All of the above leads to the conclusion that the Judge did not believe the father was guilty of repeated abuse of his young son. Had the judge sided with the police, we would not have to share her opinion — but, apparently, she didn’t. Instead she said it was “reasonable to believe that there was awareness of the possible fatal outcome,” but it was “reckless.” The conviction and sentence are not at all commensurate with what the media has so loudly informed us was the crime committed.

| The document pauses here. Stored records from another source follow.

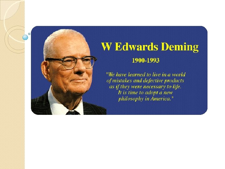 William Edwards Deming v Estadístico estadounidense v Profesor universitario v Autor de textos v Calidad, productividad, y posición competitiva v La salida de la crisis v La nueva economía para el gobierno, la industria y la educación v Consultor v Difusor del concepto de calidad total. 14 de octubre de 1900 20 de diciembre de 1993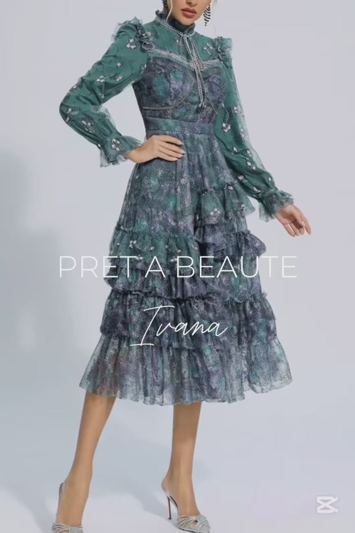 A must-have dress for any elegant occasion. Indulge in luxury with the Ivana dress, that features delicate organza tulle, and is adorned with intricate floral embroidery. The mesh design and long sleeves add elegance and sophistication, perfect for any special occasion. The unique petrol color adds a touch of exclusivity to this statement piece.
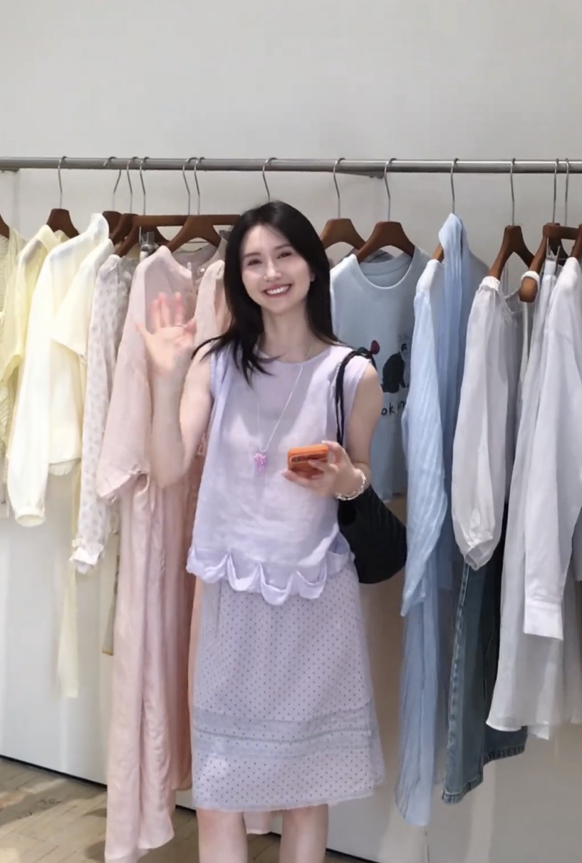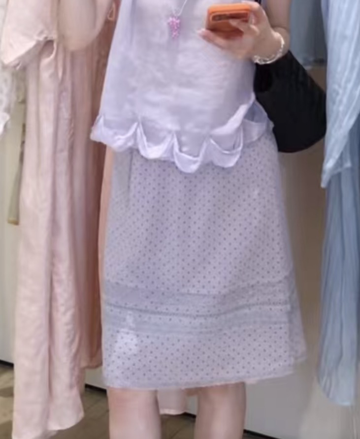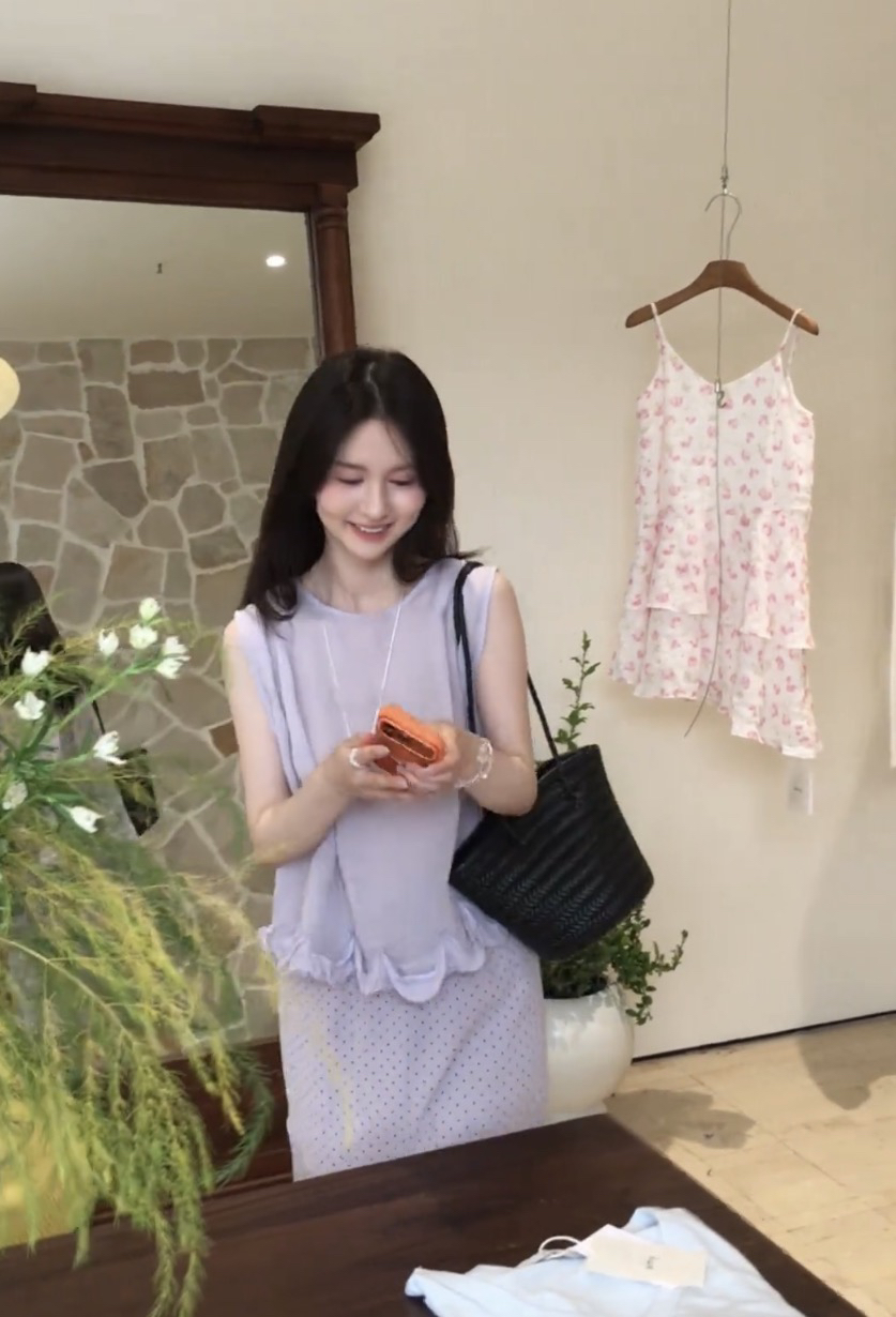 A 꿈 그래. 한 여성 민소매 분위기 센스 꽃잎 맨위 도트 무늬 중간 스커트 세트

The science of Shaken Baby Syndrome is not at all clear. Dr Patrick Barnes, the prosecution’s star medical witness in the Woodward case, reversed his opinion and wrote in a published paper that “There is certainly, in retrospect, reasonable doubt.” In our case, there was a clash of medical witnesses — with several, including one initially asked to aid the family, testifying the child was abused, while Israel’s Chief Medical Examiner, Prof. Yehudah Hiss (possibly the least popular medical professional in the eyes of Israel’s Orthodox community), testified that “there was no evidence of mutilation or intentional murder.”
The judge’s decision is a reasonable sentence for a father who was negligent in the handling of his baby son, resulting in the child’s death. It is unduly harsh if we believe this was a terrible accident, and take into account the role played by the ER staff in the negative outcome. But it is a ridiculously light punishment for what the media tells us the father did.
So do you believe the media is giving us a full and honest account?